Skip the pictures. Output only the lines below starting at the line with "June 26-30, 2015 98th AC Honolulu, HI." and ending at the line with "FIGURE 1: Distribution", both ends included, exactly as they are.

--- Raw data ---

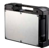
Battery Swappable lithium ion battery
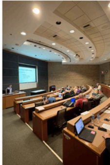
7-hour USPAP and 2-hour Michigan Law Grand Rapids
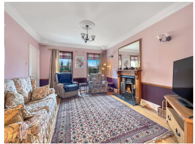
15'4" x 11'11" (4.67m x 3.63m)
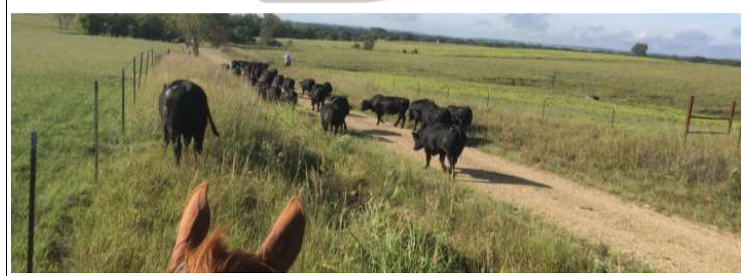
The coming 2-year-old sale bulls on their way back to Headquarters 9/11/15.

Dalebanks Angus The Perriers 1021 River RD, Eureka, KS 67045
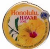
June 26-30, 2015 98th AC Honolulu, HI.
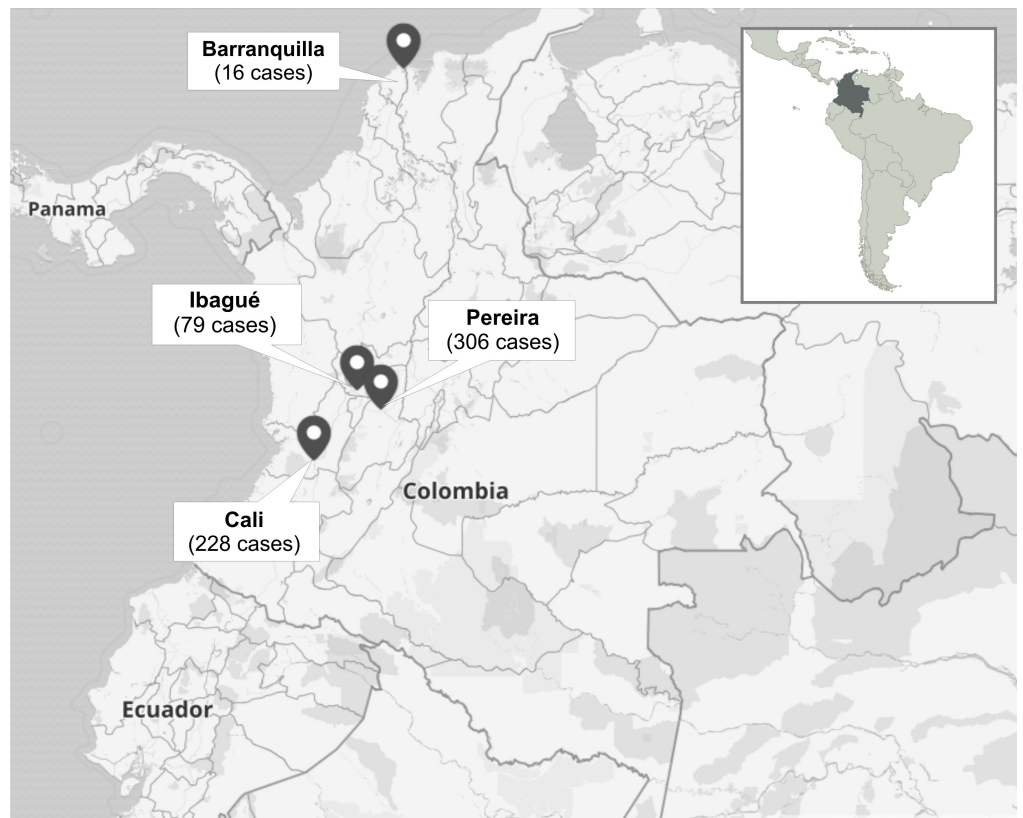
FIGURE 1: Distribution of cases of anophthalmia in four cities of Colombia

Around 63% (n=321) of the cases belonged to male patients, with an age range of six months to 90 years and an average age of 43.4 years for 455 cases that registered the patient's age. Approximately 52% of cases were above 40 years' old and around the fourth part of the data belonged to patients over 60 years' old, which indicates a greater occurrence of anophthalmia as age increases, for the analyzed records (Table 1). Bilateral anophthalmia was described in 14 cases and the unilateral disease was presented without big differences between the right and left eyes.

---

Task response:
June 26-30, 2015 98th AC Honolulu, HI.
FIGURE 1: Distribution of cases of anophthalmia in four cities of Colombia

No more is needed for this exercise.